Je viens d'apprendre que les gens vous fuient quand vous êtes endeuillé. Je ne le savais pas, car j'accompagne les endeuillés, professionnellement. Je pensais même pas que ça relevait du champ d'intervention d'un psy. Le deuil, c'est naturel, et pour moi ça relevait d'une solidarité. Mais non, et voilà pourquoi nous sommes sur ce forum, qui a le grand mérite d’être là quand nous nous isolons dans notre peine, parce que cette peine, nos proches, nos amis, ne savent pas s'en dépêtrer et ont des paroles très douloureuses "courage", "tourne la page" et autres fadaises.
Alors oui, la journée on fonctionne, quand on vous dit "ça va" on dit oui oui, mais on pense : "t'as réfléchi à ce que tu viens de me dire?
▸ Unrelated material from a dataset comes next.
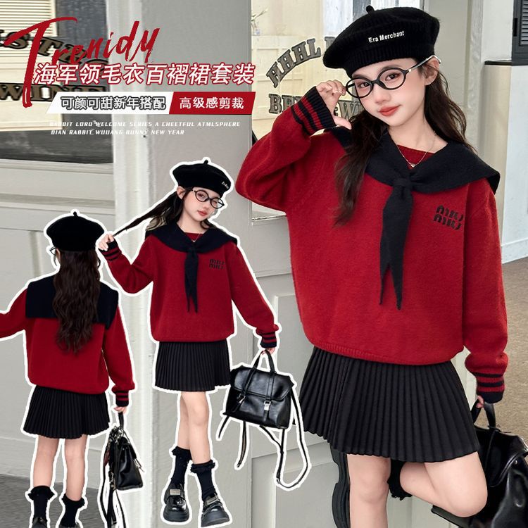 여자 해군 칼라 스웨터 세트 겨울 2024 새로운 여자 대학 스타일 JK 주름 치마 투피스 세트

Je viens de perdre un père un aimé et ça va?". Mais si on leur dit :"non, ça va pas", ils blêmissent, passent leur chemin. Le deuil est devenu une histoire intime. Les commerçants, ont va pas les accabler quand il vous proposent des commandes pour le saumon pour les fêtes de fin d'année, non? On va pas exploser en larmes en leur disant mais j'en ai quoi à f** de votre f** saumon, mon père est mort! Oui, on met des masques, on souris, on dit : "j'ai rien prévu pour Noël"
Et c'est Noël, les fêtes de famille. Et ce Noël je le passerai seule avec ma mère, 97 ans, des Noëls seules nous en avons passées souvent. Mon père était marin. Famille en Espagne sous le régime de Franco ou morte dans les camps, ou fusillée. Famille Lorraine périe sous Hitler. Ou rassemblée à Nancy en petit comité. Petite famille. Mes enfants seront avec leurs enfants. Qui traine un gamin de 6 ans en EHPAD le jour de Noël? Mon mari travaillera.
Noël ne veut plus rien dire. Je m'en fous. Beaucoup de choses s'épurent.
Mon père est là, en moi, et j'en viens à préférer ma solitude pour ce dialogue intérieur, avec la part de lui en moi, et ce que je suis.
Un deuil mène à la profondeur, au silence. On fait semblant pour pas heurter les autres, leur créer un malaise, les entendre nous débiter des niaiseries, se protéger en quelque sorte.
Et on est aux prises avec la grosse énigme : c'est quoi la mort? où tu es? Toi mon cher, où es tu? Tu es en moi déjà ça, mais, ta main sur mon épaule est en cendre, ce que tu étais dans ma mémoire, ton être disparu. Tu kiffais la science fiction, la théorie quantique, tu etais atthée. Où es tu?